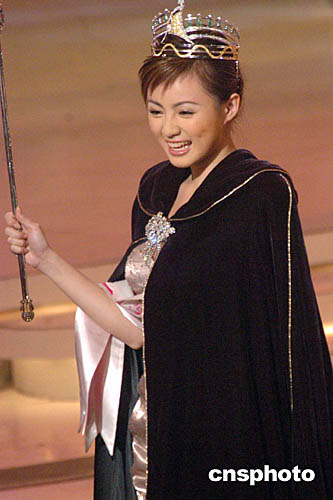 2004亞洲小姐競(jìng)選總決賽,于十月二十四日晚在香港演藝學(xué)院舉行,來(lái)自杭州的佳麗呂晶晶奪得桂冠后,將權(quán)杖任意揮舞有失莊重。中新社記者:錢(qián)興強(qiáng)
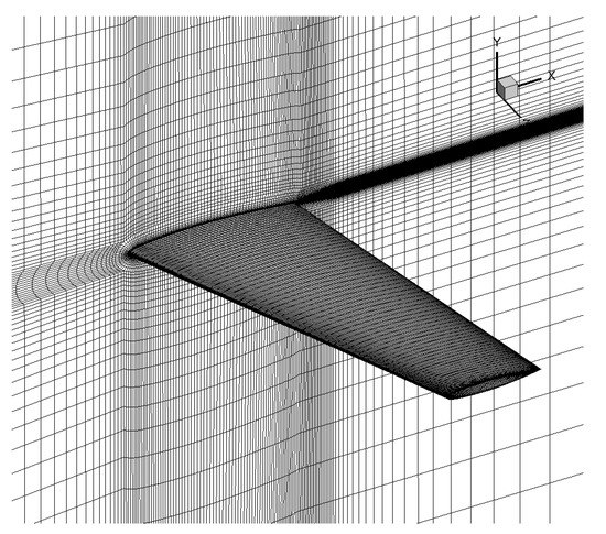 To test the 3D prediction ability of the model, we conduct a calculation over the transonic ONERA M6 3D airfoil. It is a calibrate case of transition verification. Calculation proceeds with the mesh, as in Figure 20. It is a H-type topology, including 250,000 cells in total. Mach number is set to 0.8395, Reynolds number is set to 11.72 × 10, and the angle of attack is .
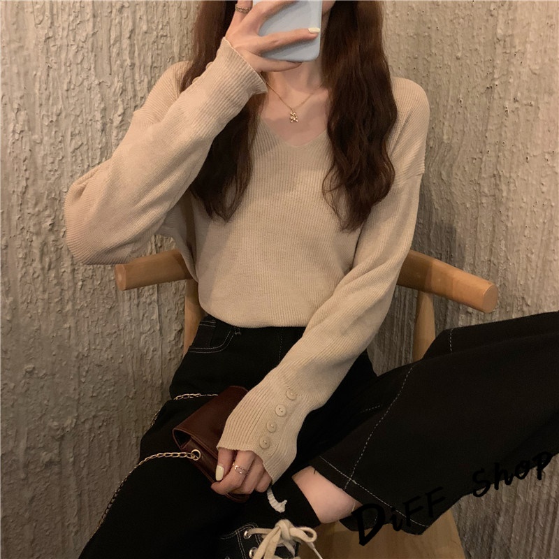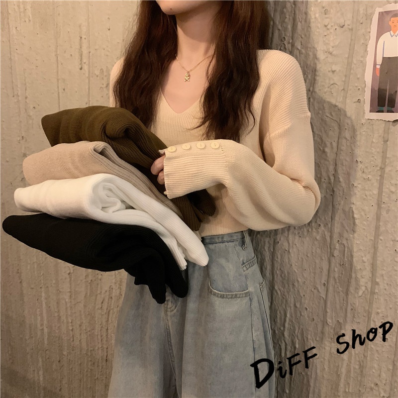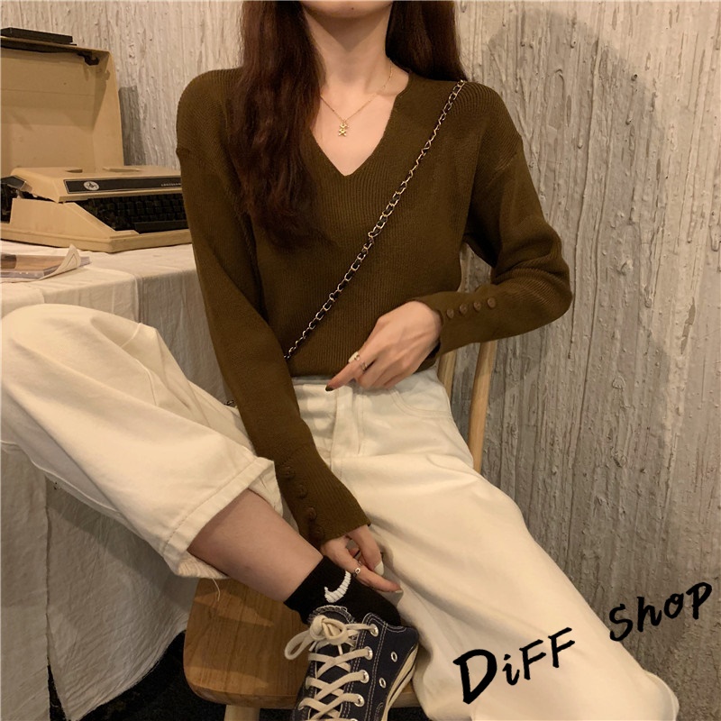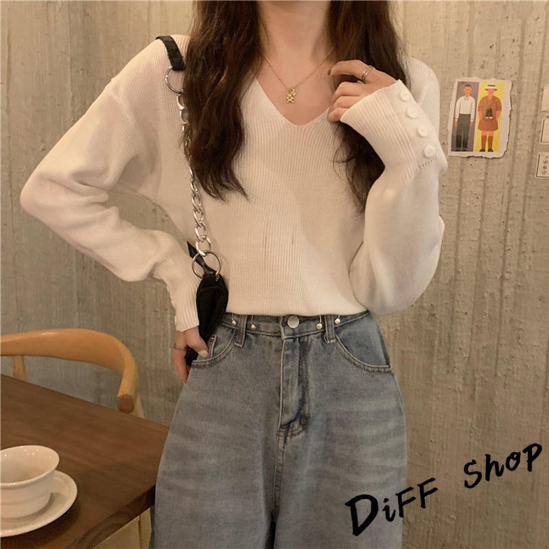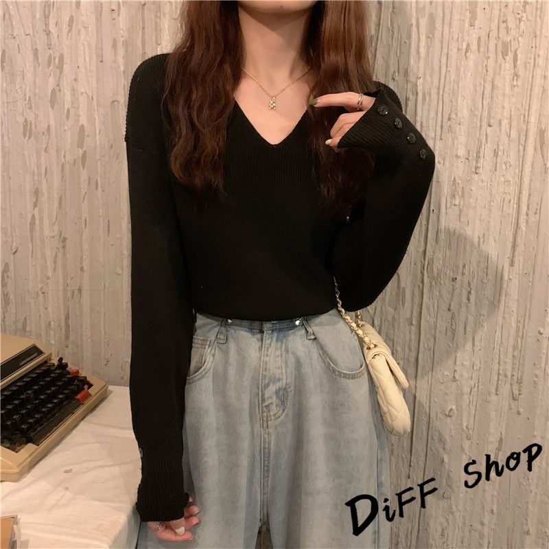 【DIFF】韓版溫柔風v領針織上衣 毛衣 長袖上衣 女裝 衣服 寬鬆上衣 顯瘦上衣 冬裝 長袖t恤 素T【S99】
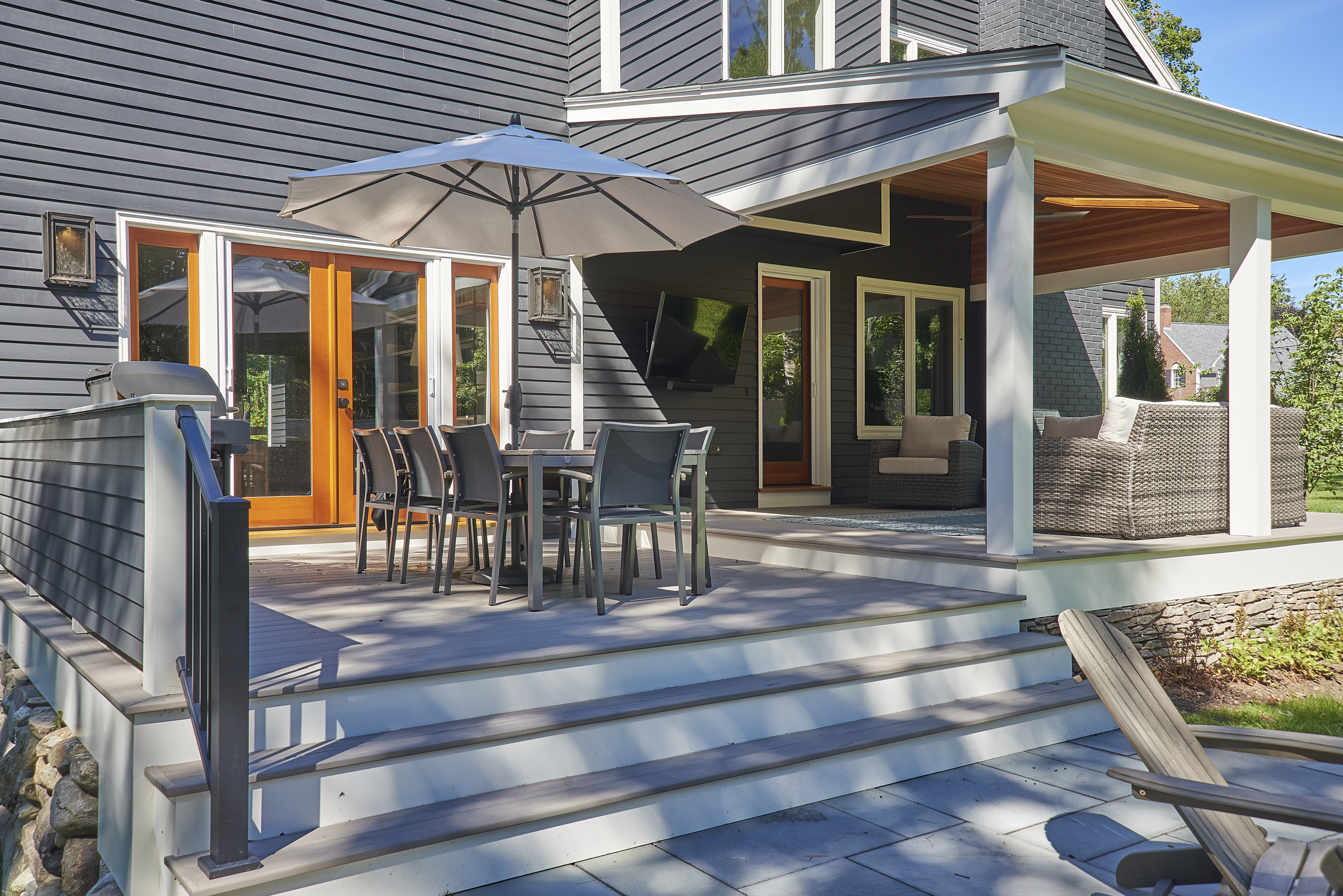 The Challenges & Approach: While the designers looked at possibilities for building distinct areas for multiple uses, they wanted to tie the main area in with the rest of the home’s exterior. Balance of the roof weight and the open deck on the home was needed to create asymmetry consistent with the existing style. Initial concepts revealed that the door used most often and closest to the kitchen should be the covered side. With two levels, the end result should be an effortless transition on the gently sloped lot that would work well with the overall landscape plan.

* * *

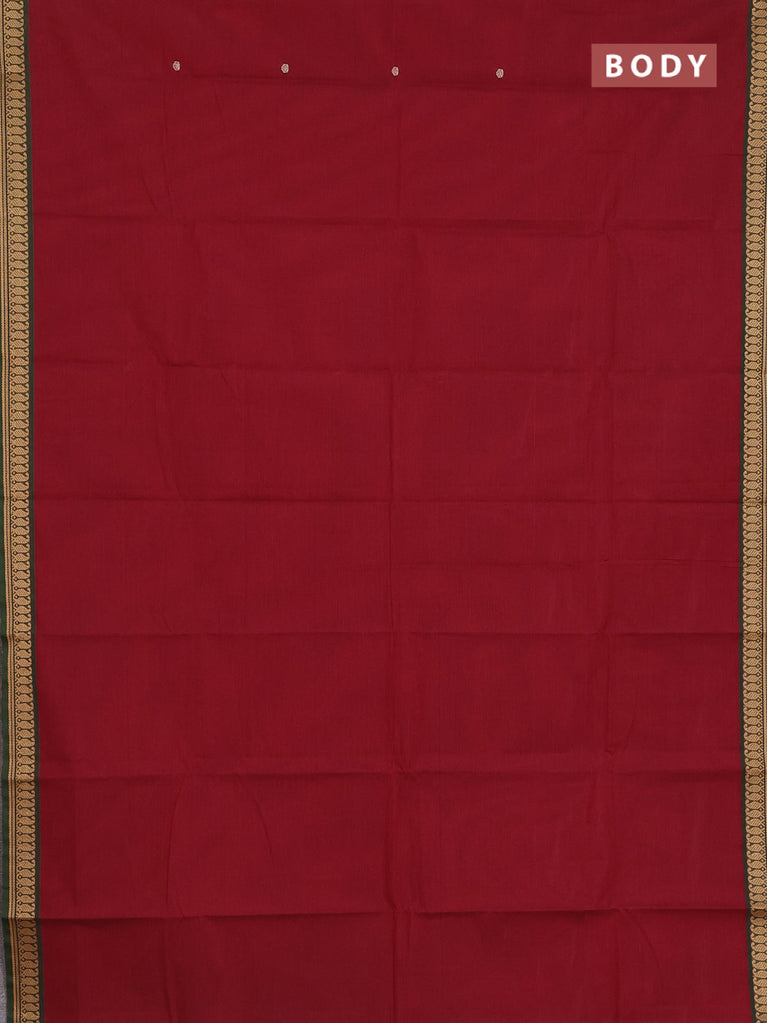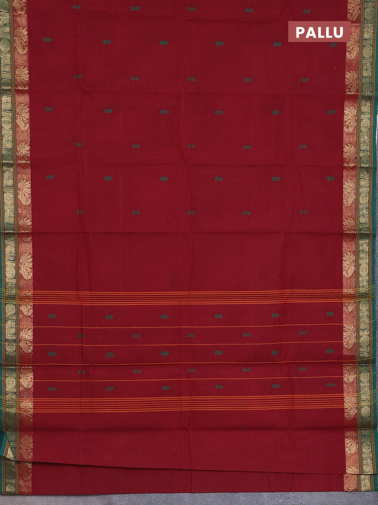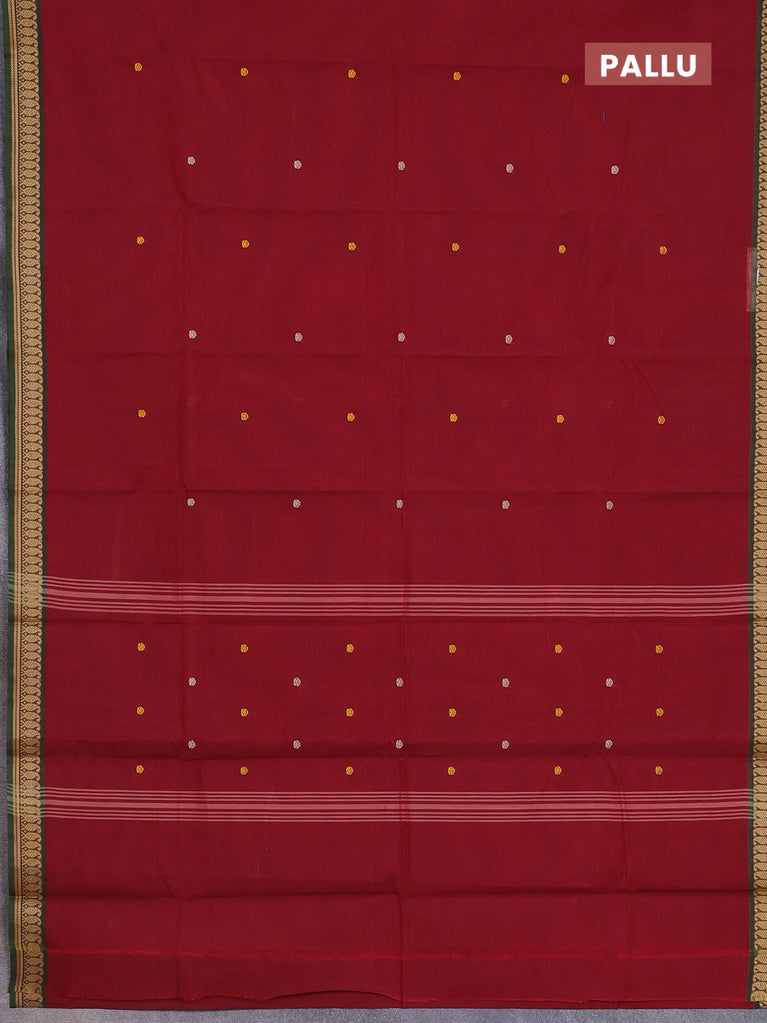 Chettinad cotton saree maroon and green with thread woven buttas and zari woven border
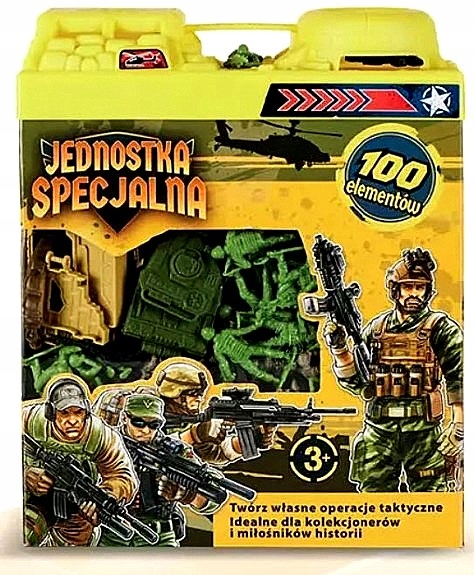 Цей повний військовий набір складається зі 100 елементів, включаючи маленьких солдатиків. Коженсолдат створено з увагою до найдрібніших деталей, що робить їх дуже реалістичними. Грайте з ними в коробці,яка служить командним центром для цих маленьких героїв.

## DESCRIPTION OF THE TASK
If a picture sits between the line containing "Chettinad cotton saree" and the line containing "Цей повний військовий", leave it out, and return the lines of that range above exactly, both ends included.

## EXERCISE RESULT
 Chettinad cotton saree maroon and green with thread woven buttas and zari woven border
 Цей повний військовий набір складається зі 100 елементів, включаючи маленьких солдатиків. Коженсолдат створено з увагою до найдрібніших деталей, що робить їх дуже реалістичними. Грайте з ними в коробці,яка служить командним центром для цих маленьких героїв.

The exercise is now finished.